Search code examples
pythonbiopythonfasta

Filtering a FASTA file based on restriction-sequence with BioPython


I have a fasta file. From that file, I need to get the only sequences containing 'CCNNNGG' (where 'N' represents random nucleotides) and put them in a new fasta file.

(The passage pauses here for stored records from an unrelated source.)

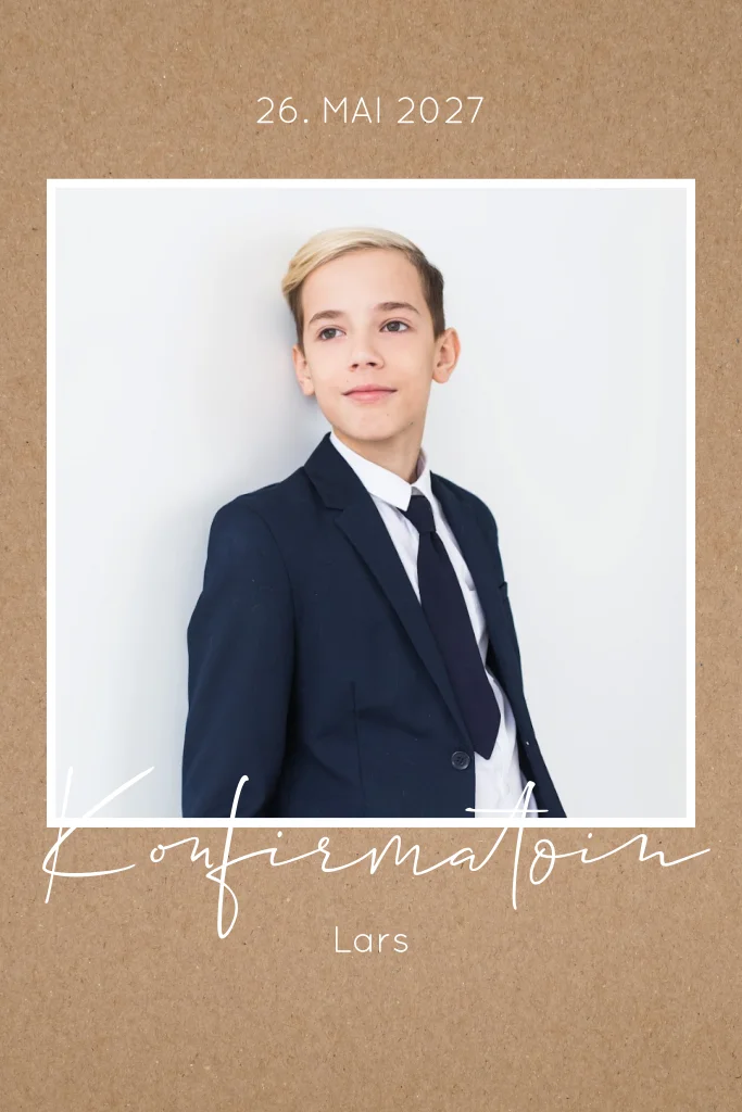 Einladung zur Konfirmation im Kraft-Look mit großem Foto
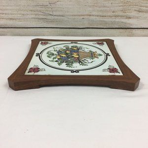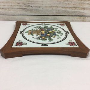 VTG Fruit Basket Tile Wood Trivet Decor
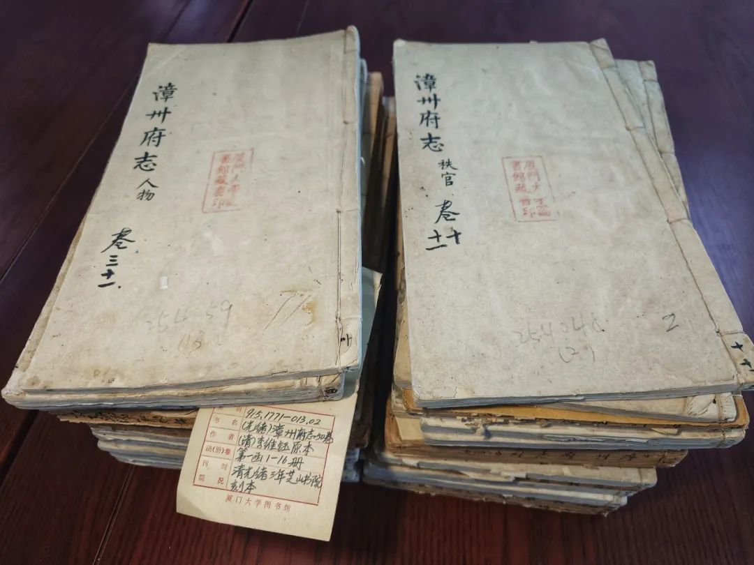 ▲厦门大学图书馆馆藏光绪《漳州府志》书影。光绪《漳州府志》五十卷首一卷,三十二册,清光绪三年(1877年)芝山书院刻本。薛澄清转赠本是残本,当时仅存十九册,可见此书之难得。新中国成立后,图书馆再次搜求,现为补配后的全本。
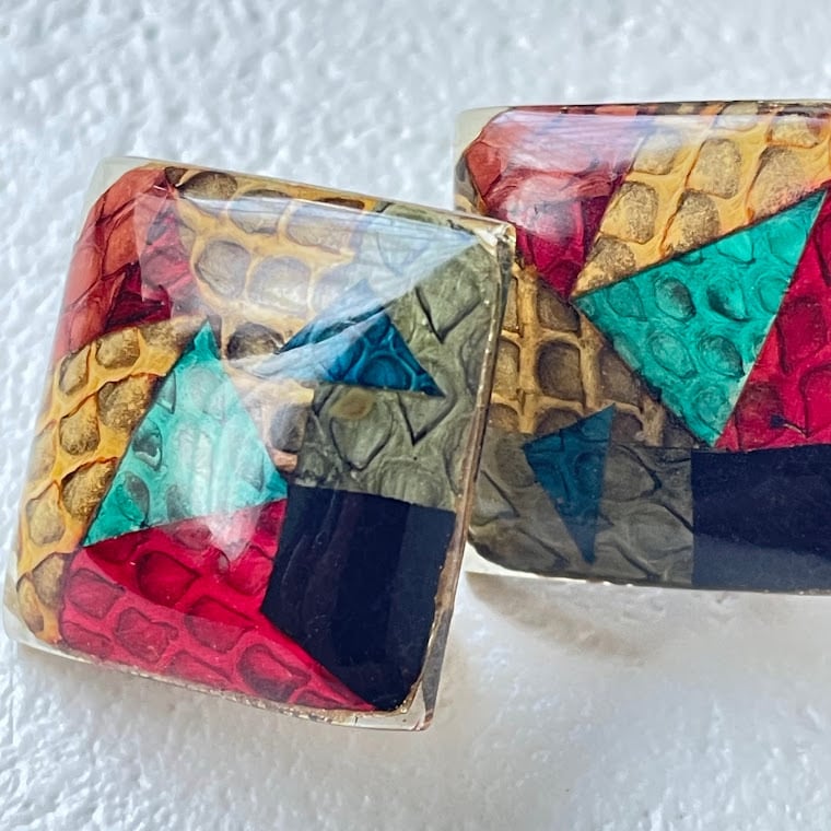 カラフルな色合いがコーディネートのポイントになる、蛇柄のイヤリングです。
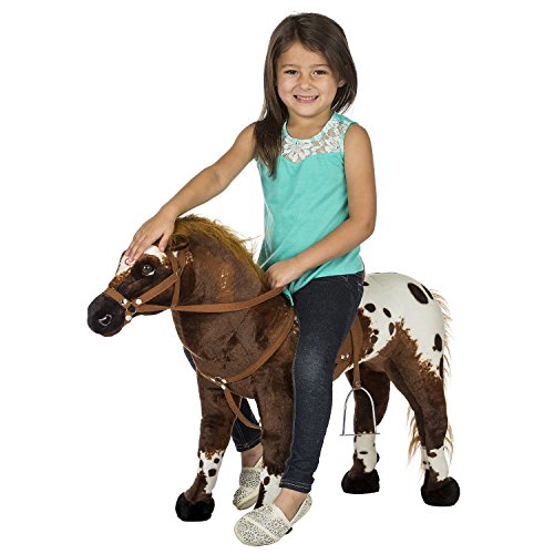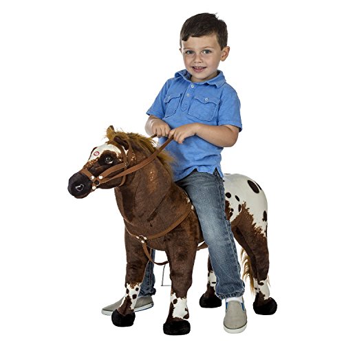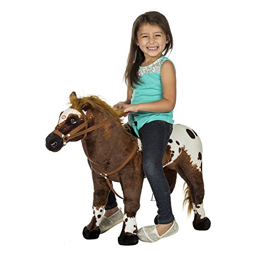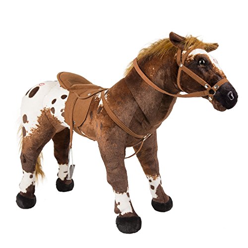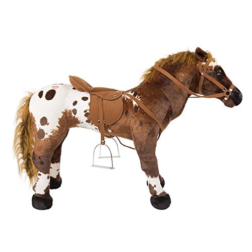 The Rockin' Rider Domino Stable Horse features a realistic horse pattern printed on super soft plush over a tough, sturdy metal frame. With a press of his ears he sings the exclusive 'I'm a Little Pony' song, says 2 fun phrases, and makes realistic horse sounds. Pull on his reins to hear him neigh, pat his snout to hear him snort, and tap his hindquarters to hear galloping and trotting sounds. Domino has an expresive, detailed face, removeable saddle, metal stirrups, and a realistic mane and tail. Saddle height is 18 inches. Requires 2 AA batteries included. Domino is recommended for 3 to 10 years and up to 65 pounds.
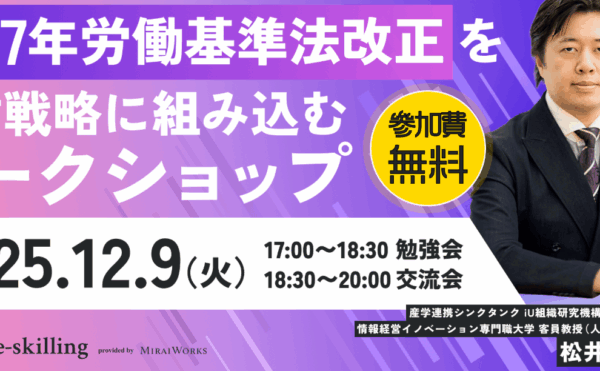 NEW 2025年11月13日セミナー・特別情報forestconsulting1@gmail.com 2027年労働基準法改正を人材戦略に組み込む—実践型ワークショップ開催 atみらいワークスiU組織研究機構 代表理事の松井が、2027年労働基準法改正をテーマにみらいワークス主催の ワークショップに登壇します。 記事の詳細はこちら→ https://mirai-works.co.jp/re-skilling/ […]
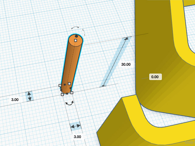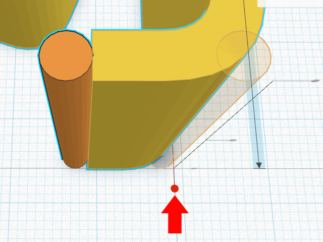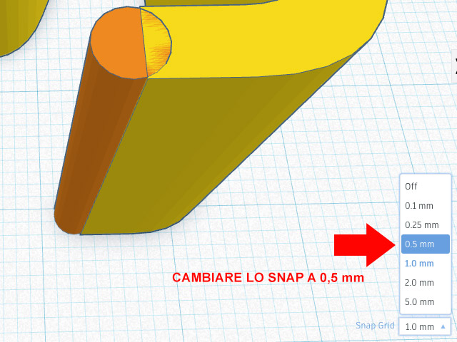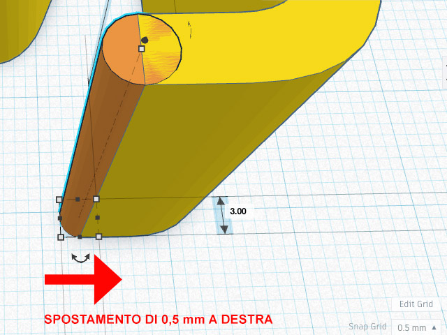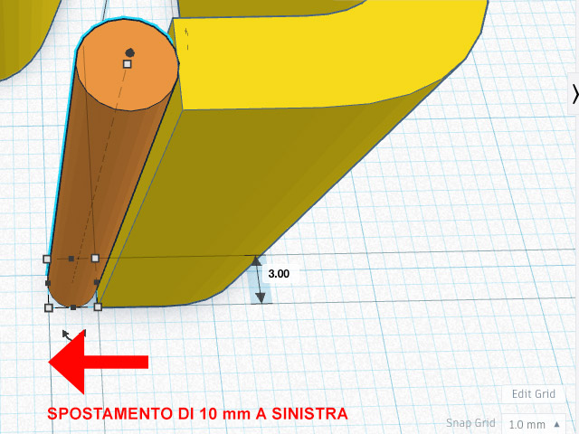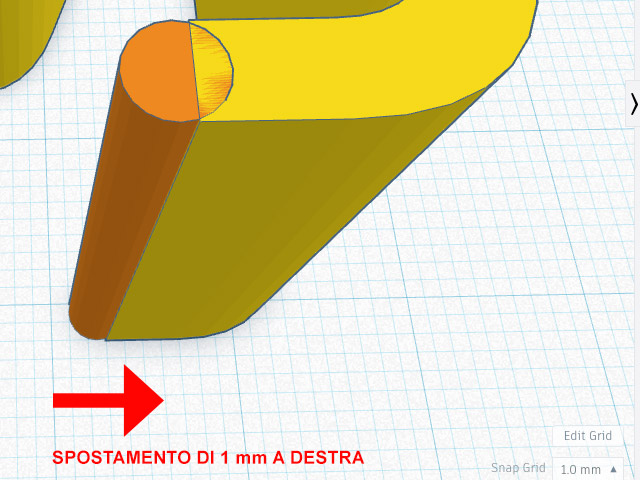 Per far si che metà del cilindro sia perfettamente inserito all’interno dello spigolo giallo spostatevi di 1 mm a destra facendo click con il tasto freccia destro della tastiera:

Example (it should output the first sequence):

m121012_054644_42133_c100390582550000001523038311021245_s1_p0/7/3312_3597 CGCGGCATCGAATTAATACGACTCACTATAGGTTTTTTTATTG*********CCTACGG***********GTATTTTCAGTTAGATTCTTTCTTCTTAGAGGGTACAGAGAAAGGGAGAAAATAGCTACAGACATGGGAGTGAAAGGTAGGAAGAAGAGCGAAGCAGACATTATTCA

m121012_054644_42133_c100390582550000001523038311021245_s1_p0/7/3708_4657 CAACGGTTTTGCCACAAGATCAGGAACATAAGTCACCAGACTCAATTCATCCCCATAAGACCTCGGACCTCTCAATCCTCGAATTAGGATGTTCTCGTACGGTCTATCAGTATATAAACCTGACATACTATAAAAAAGTATACCAT TCTTATCATGTACAGTAGGGTACAGTAGG

(*s added for highlighting)

And my code:

 from Bio import SeqIO 


    my_sequences = []
    for record in SeqIO.parse(open("example.fa", "rU"), "fasta") :
         if "CCTACGG" in record.seq :                #Works fine with CCTACGG

            my_sequences.append(record)



    output_handle = open("my_seqs.fasta", "w")
    SeqIO.write(my_sequences, output_handle, "fasta")
    output_handle.close()

My problem is that I don't know how to write random nucleotides, instead of write "CCTACGG" after if I want to put 'CCNNNGG', where N represents random nucleotides ('C' or 'T' or 'G' or 'A').


Solution

  • You can use regular expressions to do this, via Python's re module:

    import re
    
    pattern = 'CCNNNGG'
    regex = re.compile(pattern.replace('N', '[ACGT]'))
    for record in SeqIO.parse(...):
        if re.search(regex, record.seq) is not None:
            my_sequences.append(record)
    

    This replaces every 'N' in your pattern with '[ACGT]', which will match any one of those four characters, then searches for that pattern in each record.seq.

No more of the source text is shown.